O que a Escritura ensina a respeito dos seres diabólicos, quase tudo inteiramente propende a isto: que sejamos solícitos em precaver-nos contra suas ciladas e maquinações; além disso, que nos provejamos destas armas que são bastante fortes e possantes para levar de vencida a esses inimigos assaz poderosos. Com efeito, quando Satanás é chamado o deus e príncipe deste mundo, quando é designado como o valente armado, o espírito a quem pertence o poder do ar, leão a rugir [2Co 4.4; Jo 12.31; Mt 12.29; Ef 2.2; 1Pe 5.8], estas representações não têm em vista outra coisa senão que sejamos mais cautos e vigilantes, ou, seja, mais preparados para combater, o que, por vezes, até se expressa em termos explícitos. Assim é que Pedro, após dizer que “o Diabo anda em derredor, como um leão a rugir, buscando a quem devorar” [1Pe 5.8], acrescenta logo a seguir esta admoestação: que o resistamos vigorosamente na fé. E Paulo, onde advertiu que nossa luta não é com a carne e com o sangue, ao contrário, é com os príncipes do ar, com as potestades das trevas e com as hostes espirituais da impiedade, imediatamente ordena que cinjamos as armas que estejam à altura de suster um embate tão renhido e tão perigoso [Ef 6.12-18].
Por essa razão, prevenidos também de que incessantemente nos ameaça o inimigo, e um inimigo prestíssimo em audácia, vigorosíssimo em forças, astutíssimo em estratagemas, infatigável em diligência e presteza, munidíssimo de todos os apetrechos bélicos, habilíssimo na arte de guerrear, conduzamos tudo a este fim: que não nos deixemos sobrepujar por inércia ou pusilanimidade, mas, em contraposição, tendo o ânimo soerguido e despertado, finquemos pé a resistir; e uma vez que esta beligerância não se finda senão com a morte, nos exortemos à perseverança. Sobretudo, porém, cônscios de nossa insuficiência e obtusidade, invoquemos a assistência de Deus a nosso favor, nem tentemos coisa alguma, senão apoiados nele, visto
que só a ele pertence o ministrar conselho, força, coragem e armas.
Mas, para que sejamos mais despertados e mais incitados a levar a cabo isto, a Escritura declara que não um, ou outro, ou poucos inimigos, ao contrário, tropas numerosas são as hostes demoníacas que travam guerra conosco. Ora, não só lemos que Maria Madalena foi libertada de sete demônios dos quais era possuída [Mc 16.9; Lc 8.2], como também Cristo atesta ser isto comum: que, uma vez expulso um demônio, se outra vez lhe é propiciado novo espaço, ele toma consigo sete espíritos ainda piores e retorna à possessão desocupada [Mt 12.43]. Ademais, lemos que uma legião inteira se apoderou de um homem só.
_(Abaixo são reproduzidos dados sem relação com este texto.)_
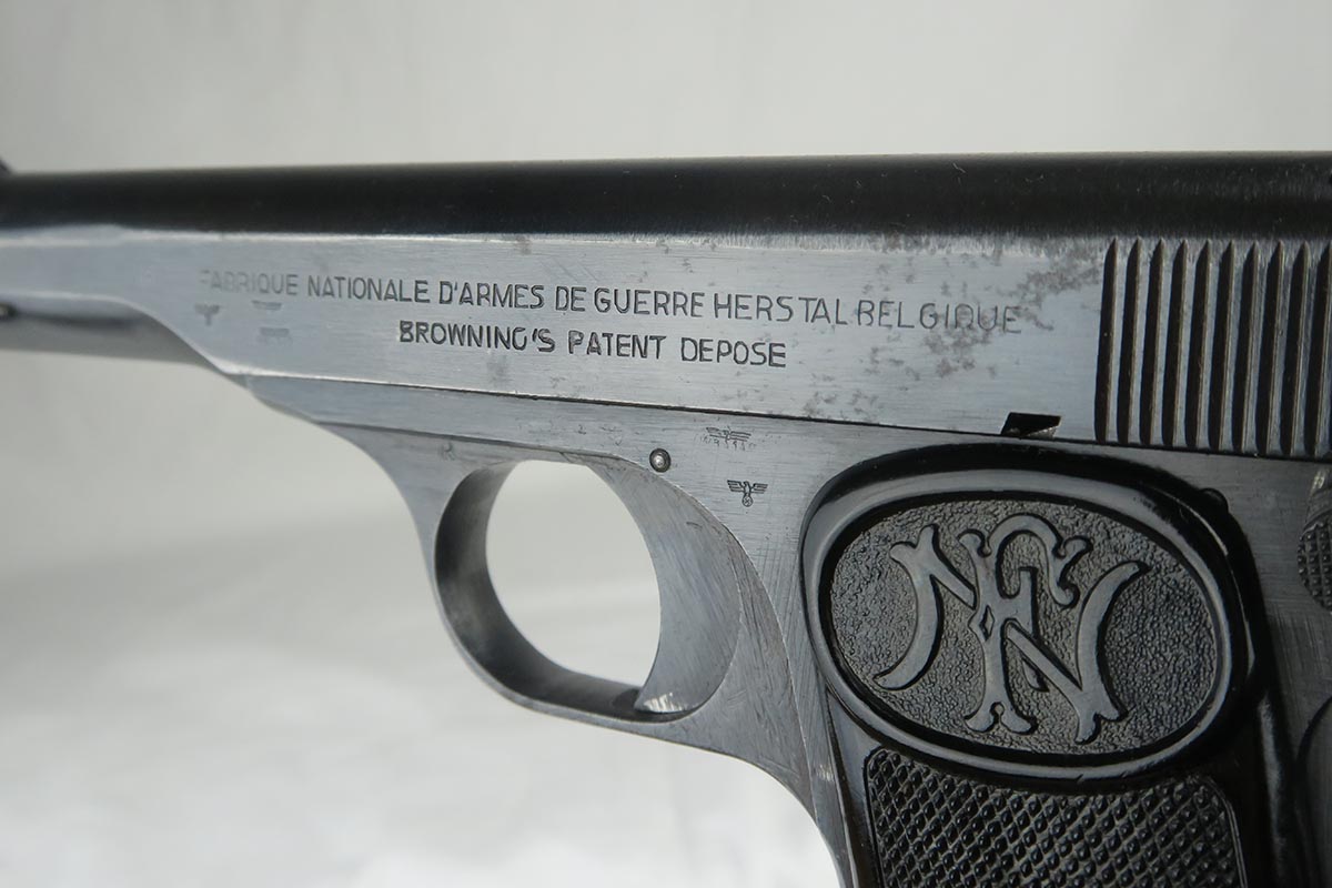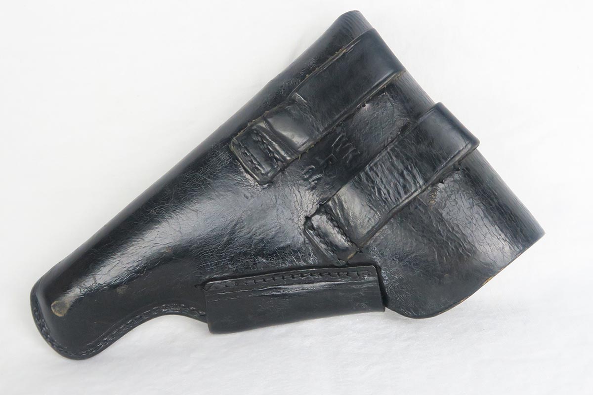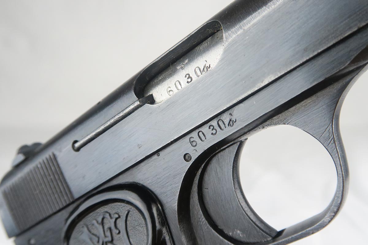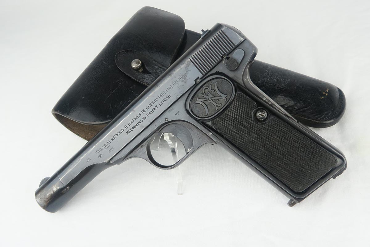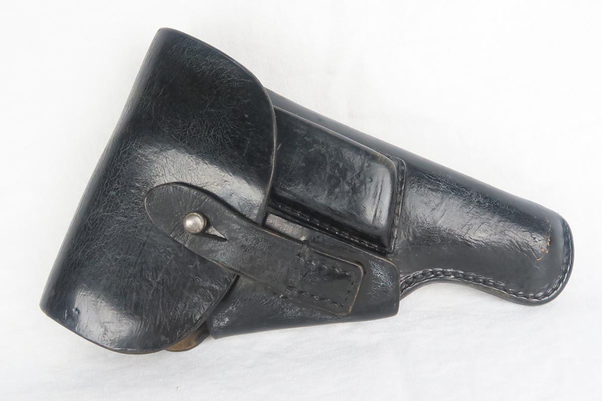 11/29/17 – This is a Nazi Browning M1922 from late in World War 2.  All original and matching with finish in the low 90’s.  The back strap is thin and there is finish loss on both sides of the muzzle.  WaA140 proofed on frame and slide.  Plastic grips are unusual on a 1944 gun but not totally uncommon.  Comes with excellent holster which looks German made and period correct but not positive.  Pistol bore is excellent.

Aqui, portanto, somos ensinados que temos de guerrear com infinita multidão de inimigos, para que não suceda que, desprezada a insignificância de seu número, mais remissos sejamos ao embate, ou, julgando que não raro nos é propiciada certa intermitência, nos entreguemos à inércia.
Assim, pois, muitas vezes a referência é a um Satanás ou Diabo, no número singular, denotando-se aquele império de iniqüidade que se opõe ao reino de justiça. Pois da mesma forma que a Igreja e a sociedade dos santos têm a Cristo como Cabeça, assim também a facção dos ímpios, e a própria impiedade, nos são pintadas com seu príncipe, que nessa esfera exerce império absoluto. Razão pela qual se disso isto: “Apartai-vos, malditos, para o fogo eterno, que foi preparado para o Diabo e seus anjos” [Mt 25.41].
Além de tudo, isto nos deve incitar à perpetua luta contra o Diabo: que por toda parte lemos ser ele o adversário de Deus e nosso. Ora, se temos a glória de Deus no coração, como devêramos, então se nos impõe lutar com todas as forças contra esse que se empenha por sua extinção. Se formos animados a reter o reino de Cristo, como se faz necessário, é preciso que travemos inconciliável luta com esse que conspira sua ruína.
Por outro lado, se nos tange algum cuidado de nossa salvação, nem paz, nem tréguas devemos ter com esse que está continuamente a armar ciladas à sua destruição. Aliás, ele é descrito de tal forma em Gênesis, capítulo 3, onde afasta o homem da obediência que devia a Deus, para que, a um tempo, não só despoje a Deus da justa honra, mas ainda precipita o próprio homem na ruína. Também nos evangelistas, onde é designado de inimigo e se diz semear joio para corromper a semente da vida eterna [Mt 13.25, 28].